A fans club is an organized group of fans, generally of a celebrity. Most fans clubs are run by fans who devote considerable time and resources to support them. There are also "official" fan clubs that are run by someone associated with the person or organization the club is centered on. This is the case for many musicians, sports teams, etc. 

People in a fans club usually have either a T-shirt or a pin to indicate which fans club they are a part of. All fans clubs have unique paraphernalia that are given or sold to fans to use as an indication. Barbz, who support Nicki Minaj, Hollanders, who support Tom Holland, Carats, who support Seventeen, and A.R.M.Y who support BTS are examples of a fans club.

Etymology 
The origin of the
term fan in reference to a dedicated zealot is unclear. The word may have
emerged in the 1800s, when boxing supporters were said to take a “fancy” to pugilistic
sports. Among modern sports fans, however, the title is considered a
shortened version of the word fanatic, as in “boxing fanatic,” an indication
of the dedication of fan club members.

Functions
Larger fan clubs may organize events and fundraising relating to what they are based on. In some cases, the money that is raised goes directly to fan club members or to fund the club itself.

There are two main kinds of fan clubs, there are fan clubs that do not require an official registration process and others that do. Fan clubs that do require a formal registration usually require a membership fee. Different fan clubs have different systems, however most clubs have an annual membership fee. These fees will be used to run the foundation. If the fan clubs are for certain fashion brands, they may use those fees for advertisement.

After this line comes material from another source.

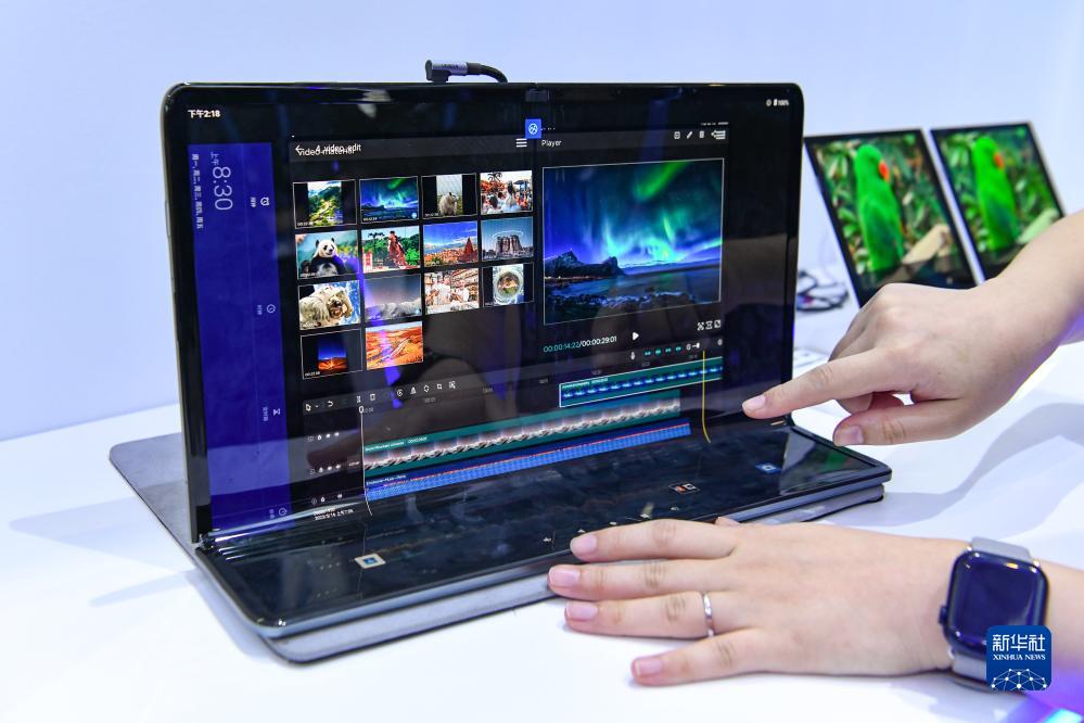 9月7日,在“2023世界顯示產業(yè)大會新型顯示創(chuàng)新成果展”現場,工作人員在展示京東方17.3"X-Fold十字折疊OLED。

The term groupie is a slang that is commonly used in reference to fans of a particular musician, band, or celebrity who follow the group- or individual- while they are touring, or who attend as many of their public appearances as possible. The word is often used to describe female fans seeking sexual relationships with musicians. They often value musicians themselves over their music.

Groupies are more personally affiliated with the band or celebrity they follow, however fans are not affiliated as they are more reserved than groupies would be. Most fan clubs are online and fans who are a part of these clubs, do not usually get to have personal connections with whom they are fans of.

Internet

Today, many fan clubs have websites to support their efforts. Technology allows individuals in fan clubs to communicate across the world.  These sites usually have photos and information on the object of their affection. For example, a fan site dedicated to musicians might have photos, videos, discussion boards, and information on upcoming concerts.

Fan clubs are growing in number thanks to technological advances and influences on social media.